Así habló. Ellos seguían a Aquiles y gemían con frecuencia. Y sollozando dieron tres vueltas
alrededor del cadáver con los caballos de hermoso pelo: Tetis se hallaba entre los guerreros y
les excitaba el deseo de llorar. Regadas de lágrimas quedaron las arenas, regadas de lágrimas
se veían las armaduras de los hombres. ¡Tal era el héroe, causa de fuga para los enemigos, de
quien entonces padecían soledad! Y el hijo de Peleo comenzó entre ellos el funeral lamento,
colocando sus manos homicidas sobre el pecho del difunto: “¡Alégrate, oh, Patroclo, aunque
estés en el Hades! Ya voy a cumplirte cuanto te prometiera: he traído arrastrando el cadáver
de Héctor, que entregaré a los perros para que lo despedacen cruelmente; y degollaré ante tu
piraadoce hijos de troyanos ilustres, por la cólera que me causó tu muerte”.
Dijo; y para tratar ignominiosamente al divino Héctor, lo tendió boca abajo en el polvo. Todos
se quitaron la luciente armadura de bronce, desuncieron los corceles, de sonoros relinchos, y
se sentaron en gran número cerca de la nave del Eácida, el de los pies ligeros, que les dio un
banquete funeral espléndido. Muchos bueyes blancos, ovejas y balantes cabras palpitaban al
ser degollados con el hierro; gran copia de grasos puercos, de blancos dientes, se asaban,
extendidos sobre las brasas; y en torno del cadáver la sangre corría en abundancia por todas
partes. (...)
Mas después que hubieron satisfecho de comida y de bebida al apetito, se fueron a dormir a
sus tiendas. Quedó el hijo de Peleo con muchos mirmidones, dando profundos suspiros, a
orillas del estruendoso mar, en un lugar limpio donde las olas bañaban la playa; pero no tardó
en vencerle el sueño, que disipa los cuidados del ánimo; pues el héroe había fatigado mucho
sus fornidos miembros persiguiendo a Héctor alrededor de Troya. Entonces vino a encontrarle
el alma del mísero Patroclo, semejante en un todo a éste cuando vivía, tanto por su estatura y
hermosos ojos, como por las vestiduras que llevaba; y poniéndose sobre la cabeza de Aquiles,
le dijo estas palabras:
“¿Duermes, Aquiles, y me tienes olvidado? Te cuidabas de mí mientras vivía, y ahora que he
muerto me abandonas. Entiérrame cuanto antes, para que pueda pasar las puertas del Hades;
pues las almas, que son imágenes de los difuntos, me rechazan y no me permiten que
atraviese el río y me junte con ellas; y de este modo voy errante por los alrededores del
palacio. Dame la mano, te lo pido llorando; pues ya no volveré del Hades cuando hayan
entregado mi cadáver al fuego. Ni ya, gozando de vida, conversaremos separadamente de los
amigos; pues me devoró la odiosa muerte que el hado cuando nací me deparara. Y tu destino
es también, oh Aquiles, semejante a los dioses, morir al pie de los muros de los nobles
troyanos”. (...)
Le respondió Aquiles, el de los pies ligeros: “¿Por qué, querido amigo, vienes a encargarme
estas cosas? Te obedeceré y lo cumpliré todo como lo mandas. Pero acércate y abracémonos,
aunque sea por breves instantes, para saciarnos de este triste llanto”.

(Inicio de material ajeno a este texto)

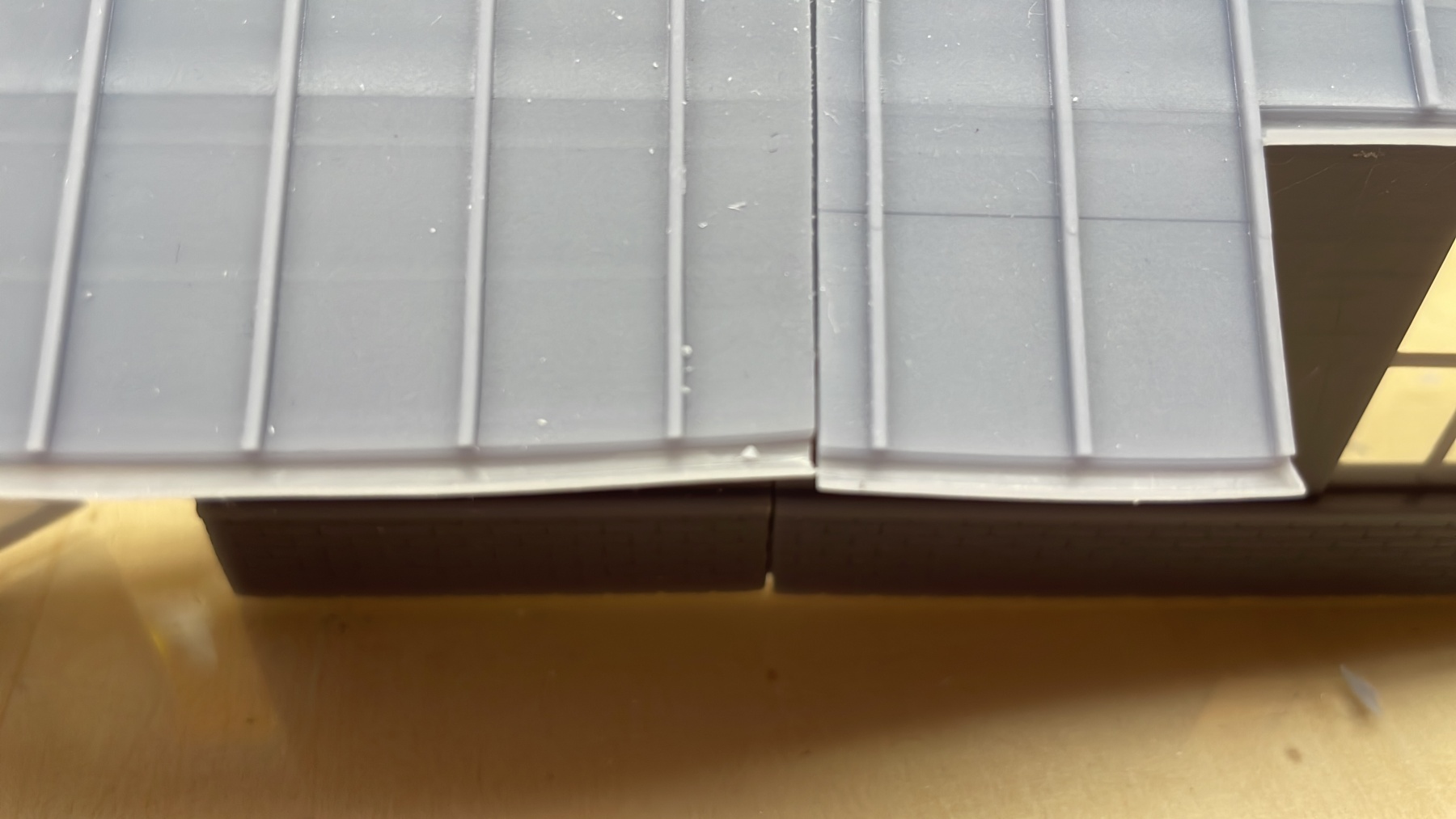 Alleen is dak aan 1 kant best wel stuk (ca 1 mm) gekrompen waardoor de aansluiting bij de goot niet goed is. Ga ik voor deze loods niet aanpassen omdat dit toch de kant is waar je niet tegenaan kijkt. Verschil camoufleer ik tzt wel met iets.

En diciendo esto, le tendió los brazos, pero no consiguió asirlo: el alma se disipó cual si fuese
humo y penetró en la tierra dando chillidos. Aquiles se levantó atónito, dio una palmada y
exclamó con voz lúgubre:
“¡Oh dioses! Cierto es que en la morada de Hades queda el alma y la imagen de los que
mueren, pero la fuerza vital desaparece por completo. Toda la noche ha estado cerca de mí el
alma del mísero Patroclo, derramando lágrimas y despidiendo suspiros, para encargarme lo
que debo hacer; y era muy semejante a él cuando vivía”. (...)

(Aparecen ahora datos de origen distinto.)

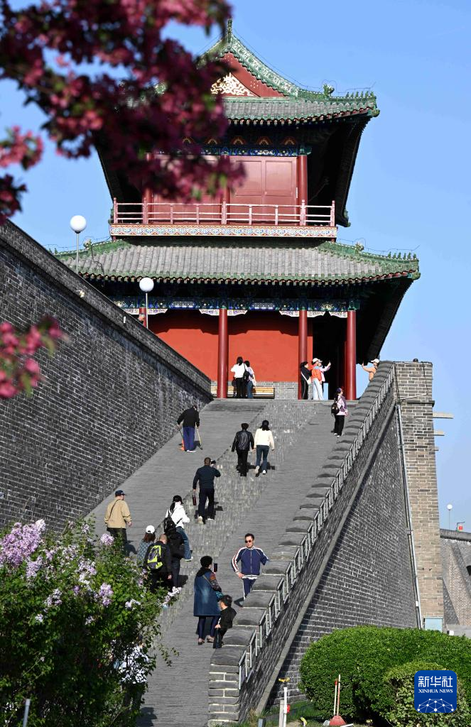 4月6日,游客在河北省石家庄市正定古城游玩。

Después que hubieron descargado la inmensa cantidad de leña, se sentaron todos juntos y
aguardaron. Aquiles mandó a los belicosos mirmidones que tomaran las armas y uncieran los
caballos; y ellos se levantaron, vistiendo la armadura, y los caudillos y sus aurigas montaron
en los carros. Iban éstos al frente, les seguía la nube de la copiosa infantería y en medio los
amigos llevaban a Patroclo, cubierto de cabello que en su honor se habían cortado. El divino
Aquiles le sostenía la cabeza, y estaba triste porque despedía para el Hades al eximio
compañero.
Cuando llegaron al lugar que Aquiles les señaló, dejaron el cadáver en el suelo, y enseguida
amontonaron abundante leña. (...) Los que cuidaban del funeral amontonaron leña, levantaron
una pira de cien pies por lado, y con el corazón afligido, pusieron en ella el cuerpo de
Patroclo. Delante de la pira mataron y desollaron muchas pingües ovejas y bueyes de
torneados pies y curvas astas; y el magnánimo Aquiles tomó la grasa de aquéllas y de éstos,
cubrió con ella el cadáver de pies a cabeza, y hacinó alrededor los cuerpos desollados. Llevó
también a la pira dos ánforas, llenas de miel y de aceite, y las abocó al lecho; y exhalando
profundos suspiros, arrojó a la pira cuatro corceles de erguido cuello. Nueve perros tenía el
rey que se alimentaban de su mesa, y degollando a dos, los echó en la pira. Les siguieron doce
hijos valientes de troyanos ilustres, a quienes mató con el bronce, pues el héroe meditaba en
su corazón acciones crueles. Y entregando la pira a la violencia indómita del fuego para que le
devorara, gimió y nombró al compañero amado. (...)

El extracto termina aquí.